Дракон, тяжело ступая, подошел к кровати, и уселся на ее край, прямо поверх одеяла.
— Не спишь, — констатировал он.
— Не сплю, — призналась я, и открыла глаза.
— Ты, наверное, гадаешь, что это было?
— Неа, — помотала я головой по подушке, и скривилась от резкой боли, — в каждой семье есть свои скелеты в шкафах, я не любительница их разглядывать.
— Скелеты? — удивился Феликс.
— Это образное выражение, обозначает «страшные тайны» — отозвалась Раравис, про которую мы позабыли, — я тебе потом соответствующий анекдот расскажу.
Феликс закинул ногу на ногу, сцепил на коленях пальцы, и в его привычном облике балагура и весельчака снова проступил многовековой возраст и такая же древняя усталость.
— Катце не совсем человек, Гала. Вернее, человеком я уже её не застал. Когда ей было пятнадцать, она подхватила
— Умерла? — я почувствовала, как кожа покрывается мурашками.
— Умерла, — подтвердил Феликс, — чтобы возродится вновь, уже Катце-кошкой, оборотнем
— Она не знала, что умерла, и что возродилась снова, она не знала, что она теперь веркошка, — историю пришлось продолжать Раравис, потому что Феликс замолк, и с увлечением разглядывал носки своих сапог. — Она была уверена, что у нее был кризис и она выздоровела. Поэтому она жила, как обычная девушка — балы, мальчики, красивые платья. В то время мы трое были близки.

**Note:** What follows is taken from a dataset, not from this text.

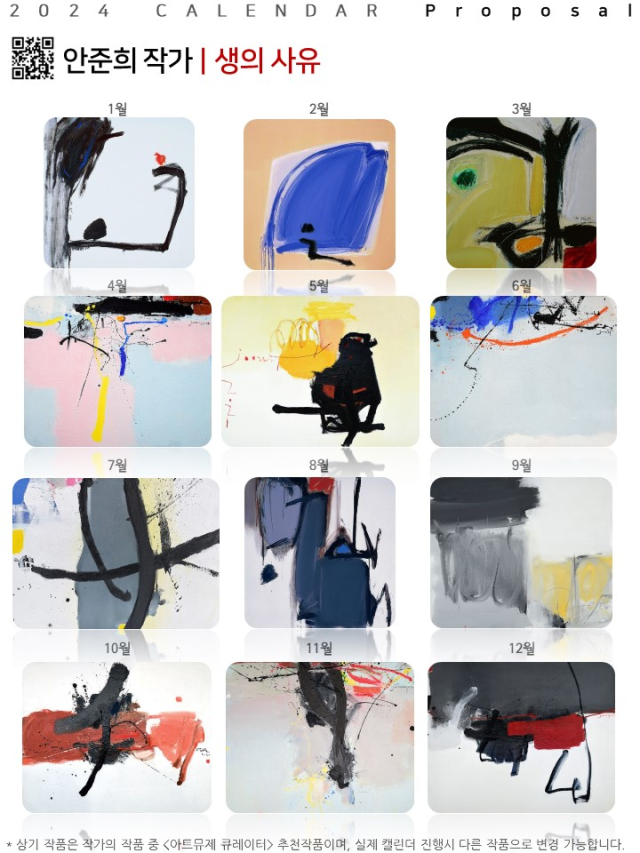 화가의 그림을 캘린더 안에 넣어보시길 추천드립니다.(추가 연간구성은 별도 제안 가능해요)
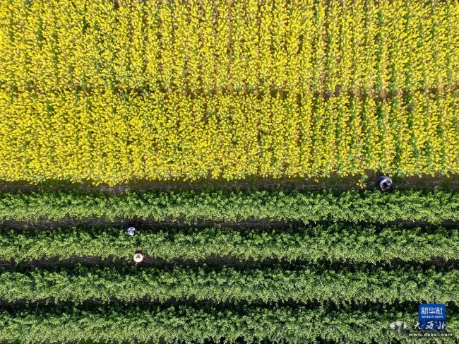3月15日,在江苏省淮安市洪泽区,农民在农田里劳作(无人机照片)。 新华社发(万震摄)

— Трое? — осмелилась задать вопрос я.
— Странные дети Аномалии. Была еще Аннеле, — голос Раравис дрогнул и она отвернулась.
— А потом, когда амулет подчинения Великий и Ужасный передал Инди, появились шурхи, — снова зазвучал голос Феликса, — и Катце увязалась с войсками Великого и Ужасного, присланными в помощь, как мы не отговаривали её. Тогда у нас случилась первая размолвка. Она заявила, что я ей не отец, и не имею никакого права указывать, что ей делать. Это был первый и последний раз, когда мы подняли эту тему. И Катце убили снова.

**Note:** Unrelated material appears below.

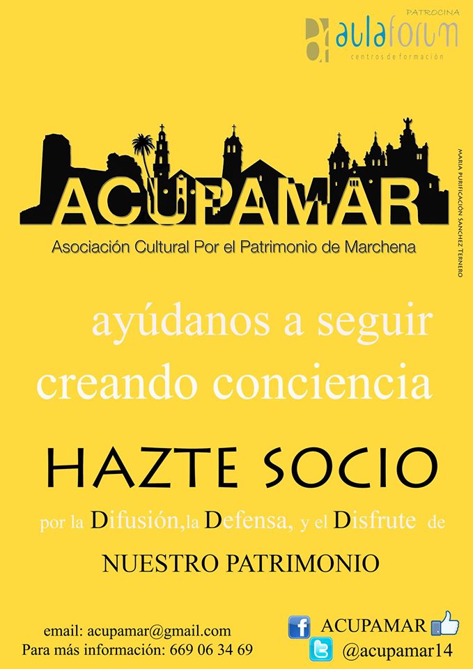 En este trabajo plantearemos una línea de debate en torno a la Gestión Cultural y la concienciación ciudadana. Hemos tomado como ejemplo a Marchena (Sevilla), ciudad donde, ante la falta de un modelo de Gestión Cultural desarrollado desde las administraciones públicas, ha sido la propia sociedad la que se ha organizado con el fin de difundir y poner en valor su Patrimonio Cultural. Conscientes de que la Gestión Cultural requiere mucho más esfuerzo social del que hasta hoy se ha invertido, surge una asociación con el objetivo principal de difundir su Patrimonio Cultural y gestionar la iniciativa ciudadana en pro de su pasado. La Asociación Cultural por el Patrimonio de Marchena (ACUPAMAR) es una organización sin ánimo de lucro, multidisciplinar y con estructura asamblearia, que ha reavivado en apenas un año de existencia el interés de la ciudadanía por su Patrimonio y la voluntad política de protegerlo y gestionarlo.

— Убили? — повторила я, как попугай, — Погодите… Как убили?
— Убили. Смерть её в пламени шурха была мучительной, поэтому, когда она очнулась в своей старой, «детской» комнате, то все еще кричала от ужаса, и эту свою жизнь она начала седой.
— И педантично посещала мастера по окраске волос раз в неделю, — голос у Раравис был грустным.
— Эту жизнь? — мне очень хотелось помотать головой, чтобы уложить полученную информацию, но я боялась, что боль вновь вернется.
— Этот ритуал, кроме второй сущности, дает еще и девять жизней, но отнимает возможность при перерождении забывать прошлые. Умерший возвращаешься в мир в том возрасте, в котором впервые умер.
— Здравствуй, пубертатный период, гормональные бунты, прыщи и юношеский максимализм, — грустно улыбнулась Раравис.
— Катце впервые обернулась где-то через неделю, сильно испугавшись. А дальше… Дальше был скандал, они с баст наговорили друг другу много такого, что никогда не стоит говорить. Катце считала, что Инди сломала ей жизнь, что сделала настоящим чудовищем. И тогда она сбежала… Инди сходила с ума, металась, пыталась её найти, поговорить, объясниться, но каждый раз, когда казалось, что мы нашли её след — Катце ускользала, утекала водой сквозь пальцы. Потом Инди смирилась, у нее словно что-то выгорело внутри. Не было больше шикарной, царственной баст, прекратились праздники и приемы, потихоньку перестали приезжать гости, да и сам замок… Ты видишь, в каком он состоянии. Нам с Индирой было нужно не много. Думаю, если бы не амулет подчинения, она бы и меня выгнала.